HOW TO COMPLETE THIS TASK: Send back the line that contains "Tại nhà máy" and all lines following it through the end of the data below, exactly, omitting pictures.

┄┄┄┄┄┄┄┄┄┄

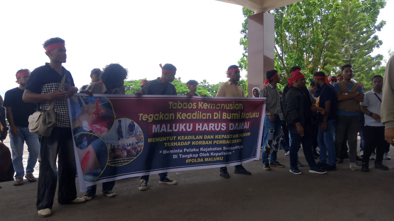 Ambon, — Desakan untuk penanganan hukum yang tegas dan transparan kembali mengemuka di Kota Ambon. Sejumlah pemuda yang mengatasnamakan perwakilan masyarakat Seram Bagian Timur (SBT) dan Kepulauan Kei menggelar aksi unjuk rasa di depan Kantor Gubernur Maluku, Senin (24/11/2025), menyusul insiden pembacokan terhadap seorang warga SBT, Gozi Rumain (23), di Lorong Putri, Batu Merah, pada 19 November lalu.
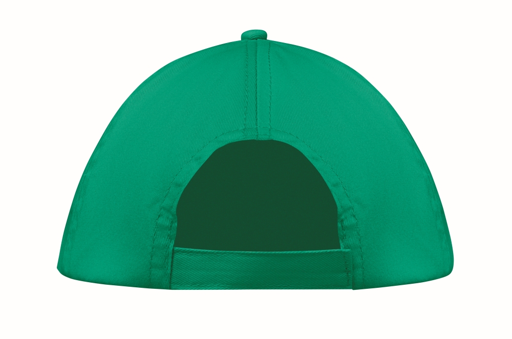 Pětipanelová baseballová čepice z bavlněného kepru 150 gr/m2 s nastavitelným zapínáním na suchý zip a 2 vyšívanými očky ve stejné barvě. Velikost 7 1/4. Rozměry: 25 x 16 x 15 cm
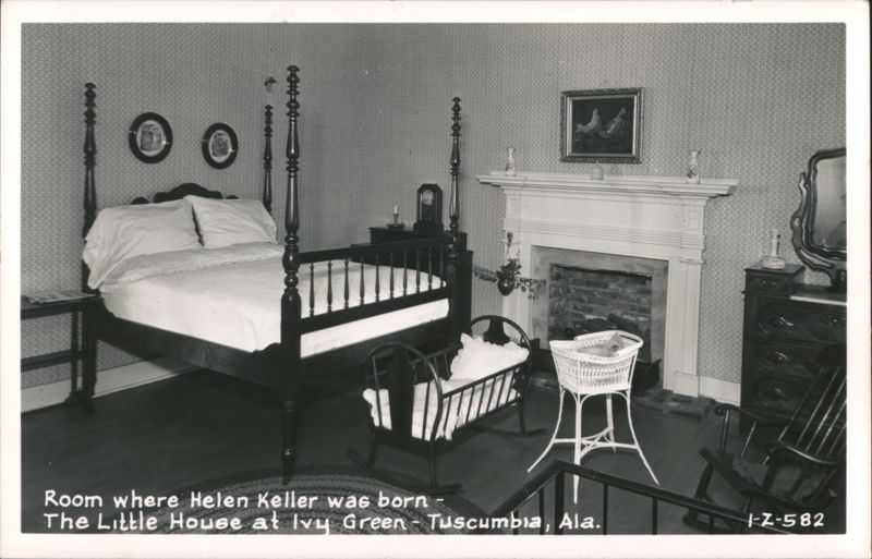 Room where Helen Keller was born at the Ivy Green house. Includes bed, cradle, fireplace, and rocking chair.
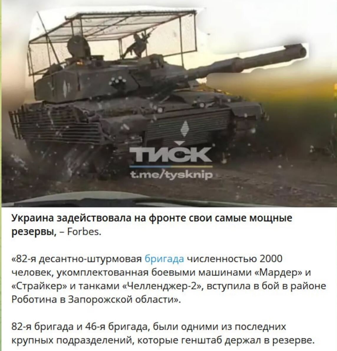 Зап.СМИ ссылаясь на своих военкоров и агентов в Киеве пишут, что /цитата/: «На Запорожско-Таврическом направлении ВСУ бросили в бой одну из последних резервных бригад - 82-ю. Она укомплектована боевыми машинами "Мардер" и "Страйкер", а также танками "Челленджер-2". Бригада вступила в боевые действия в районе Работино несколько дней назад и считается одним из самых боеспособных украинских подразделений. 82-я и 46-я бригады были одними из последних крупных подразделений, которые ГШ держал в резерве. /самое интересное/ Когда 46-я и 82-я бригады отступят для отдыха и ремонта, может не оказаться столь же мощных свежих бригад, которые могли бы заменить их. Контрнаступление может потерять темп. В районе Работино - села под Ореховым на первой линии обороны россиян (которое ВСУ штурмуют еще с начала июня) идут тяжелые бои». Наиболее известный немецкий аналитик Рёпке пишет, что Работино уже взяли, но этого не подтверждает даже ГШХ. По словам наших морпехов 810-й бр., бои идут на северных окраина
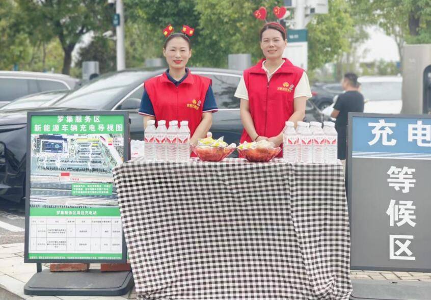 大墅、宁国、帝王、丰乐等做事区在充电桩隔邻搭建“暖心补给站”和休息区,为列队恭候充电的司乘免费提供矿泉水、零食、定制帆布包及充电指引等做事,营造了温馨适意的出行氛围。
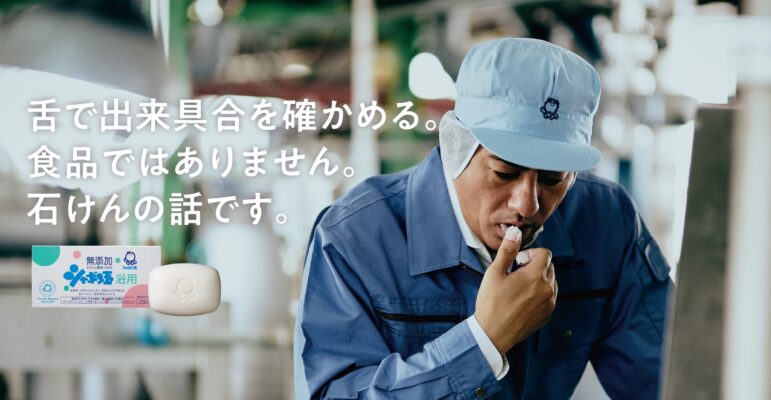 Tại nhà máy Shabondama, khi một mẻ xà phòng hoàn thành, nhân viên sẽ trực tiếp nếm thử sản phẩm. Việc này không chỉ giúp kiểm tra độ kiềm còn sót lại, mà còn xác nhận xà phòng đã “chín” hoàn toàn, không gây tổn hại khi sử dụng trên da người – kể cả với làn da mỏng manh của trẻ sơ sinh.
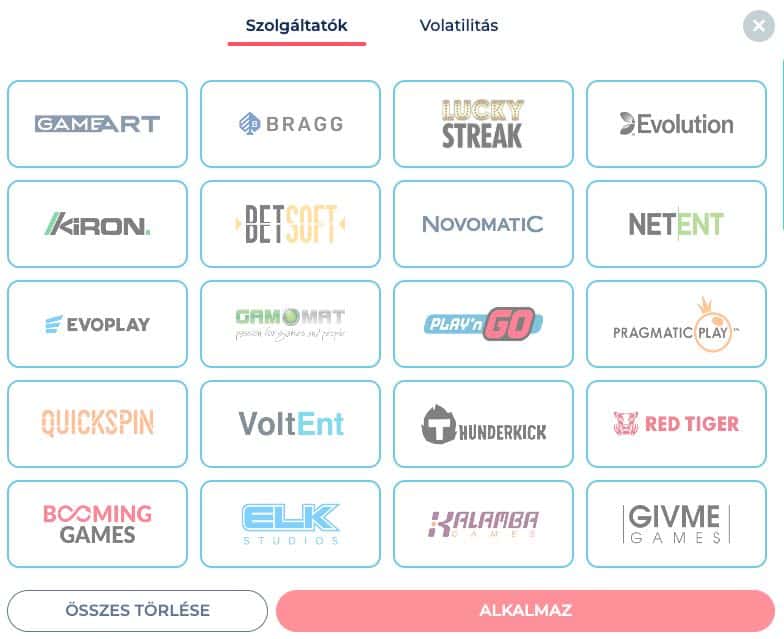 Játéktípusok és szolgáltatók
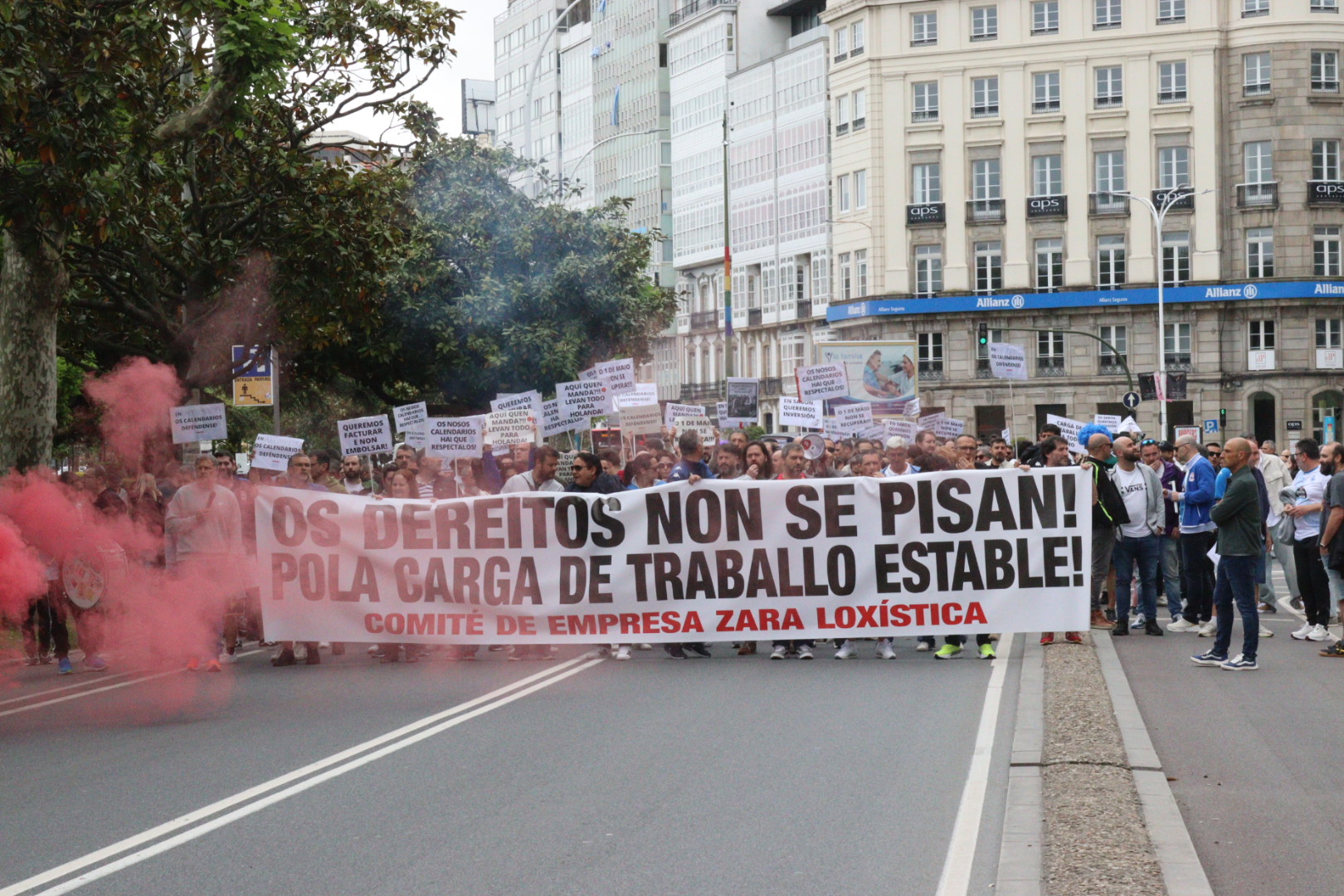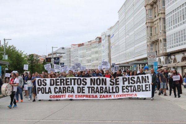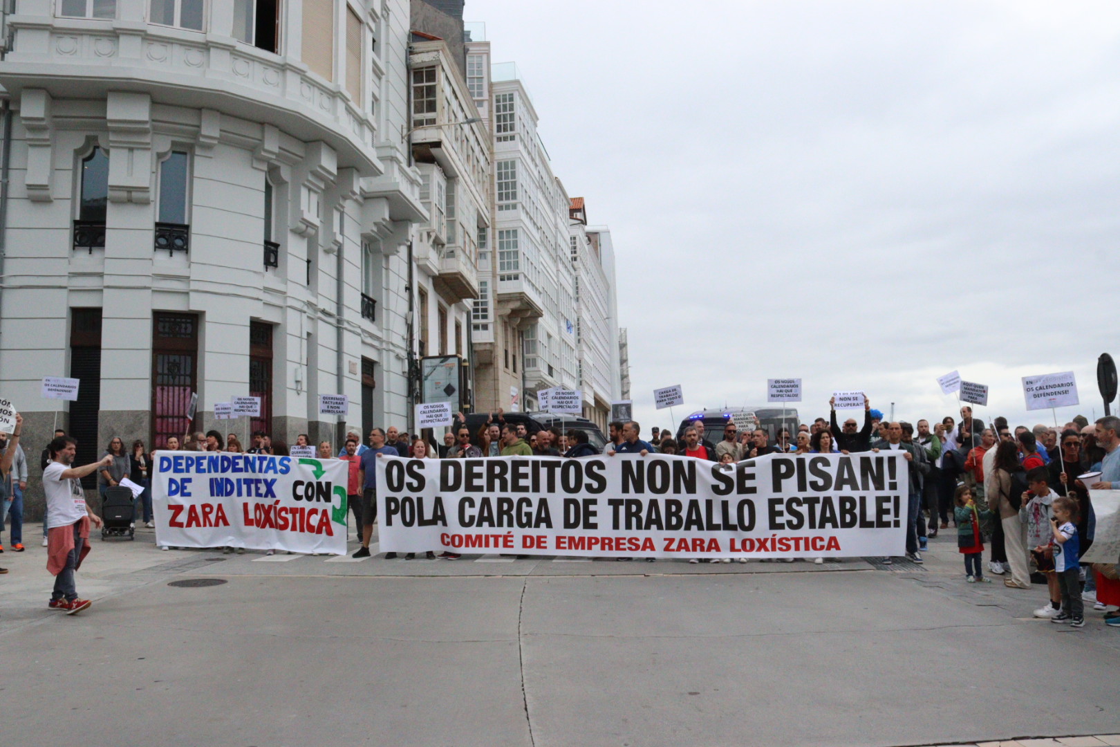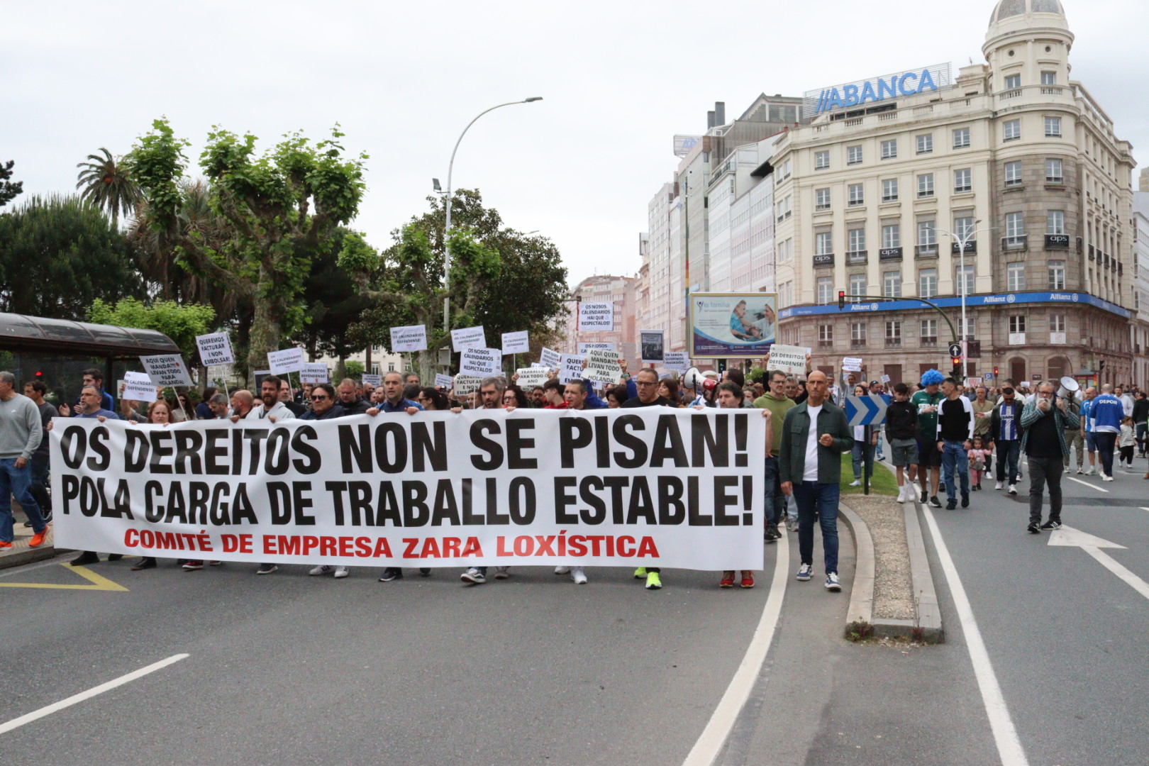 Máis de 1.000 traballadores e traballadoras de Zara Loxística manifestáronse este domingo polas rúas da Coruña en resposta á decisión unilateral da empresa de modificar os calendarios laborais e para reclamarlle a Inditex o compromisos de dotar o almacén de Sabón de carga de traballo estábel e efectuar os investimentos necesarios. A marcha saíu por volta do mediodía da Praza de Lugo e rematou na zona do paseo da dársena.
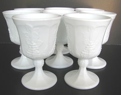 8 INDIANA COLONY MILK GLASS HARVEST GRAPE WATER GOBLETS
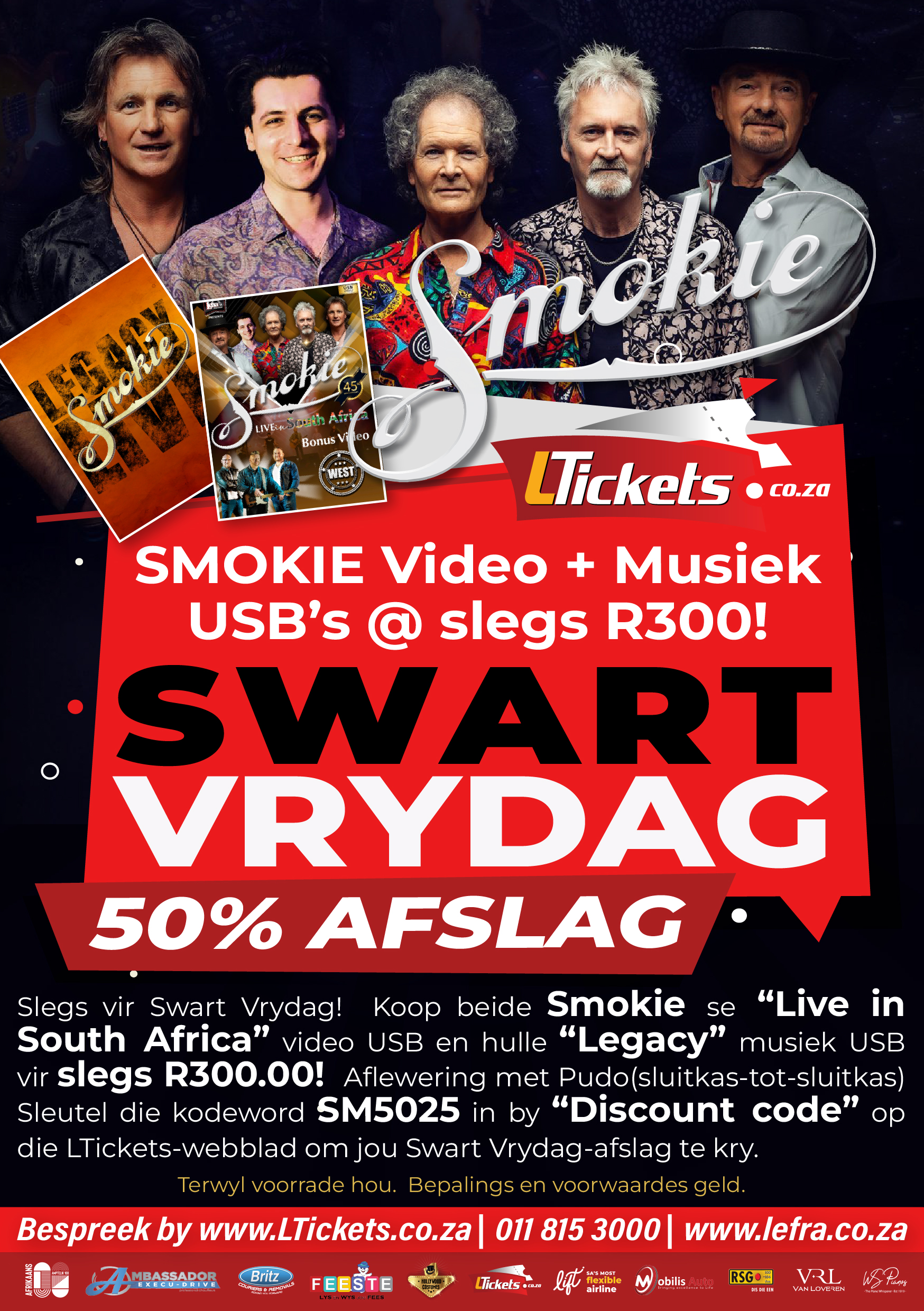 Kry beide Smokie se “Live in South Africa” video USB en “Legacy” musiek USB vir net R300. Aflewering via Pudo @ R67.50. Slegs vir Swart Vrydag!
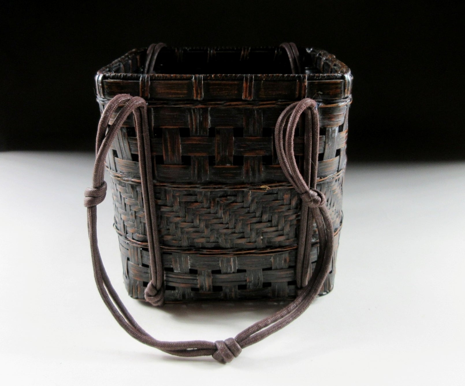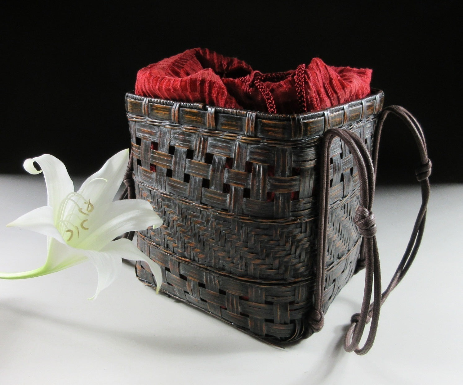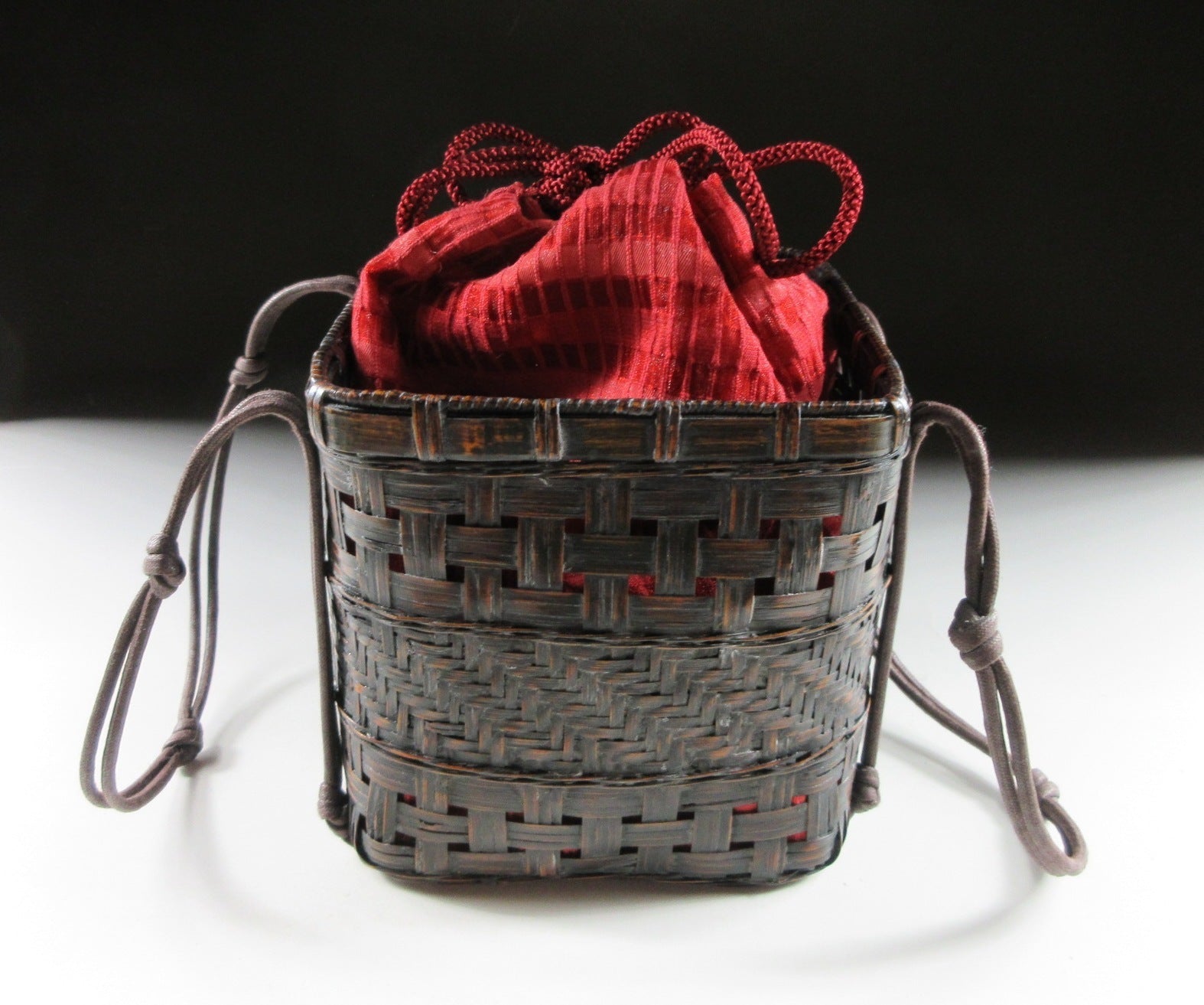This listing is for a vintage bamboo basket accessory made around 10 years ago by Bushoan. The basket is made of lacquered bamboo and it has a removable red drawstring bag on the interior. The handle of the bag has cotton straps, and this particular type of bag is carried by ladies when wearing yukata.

┄┄┄┄┄┄┄┄┄┄

RESULT:
 Tại nhà máy Shabondama, khi một mẻ xà phòng hoàn thành, nhân viên sẽ trực tiếp nếm thử sản phẩm. Việc này không chỉ giúp kiểm tra độ kiềm còn sót lại, mà còn xác nhận xà phòng đã “chín” hoàn toàn, không gây tổn hại khi sử dụng trên da người – kể cả với làn da mỏng manh của trẻ sơ sinh.
 Játéktípusok és szolgáltatók
 Máis de 1.000 traballadores e traballadoras de Zara Loxística manifestáronse este domingo polas rúas da Coruña en resposta á decisión unilateral da empresa de modificar os calendarios laborais e para reclamarlle a Inditex o compromisos de dotar o almacén de Sabón de carga de traballo estábel e efectuar os investimentos necesarios. A marcha saíu por volta do mediodía da Praza de Lugo e rematou na zona do paseo da dársena.
 8 INDIANA COLONY MILK GLASS HARVEST GRAPE WATER GOBLETS
 Kry beide Smokie se “Live in South Africa” video USB en “Legacy” musiek USB vir net R300. Aflewering via Pudo @ R67.50. Slegs vir Swart Vrydag!
This listing is for a vintage bamboo basket accessory made around 10 years ago by Bushoan. The basket is made of lacquered bamboo and it has a removable red drawstring bag on the interior. The handle of the bag has cotton straps, and this particular type of bag is carried by ladies when wearing yukata.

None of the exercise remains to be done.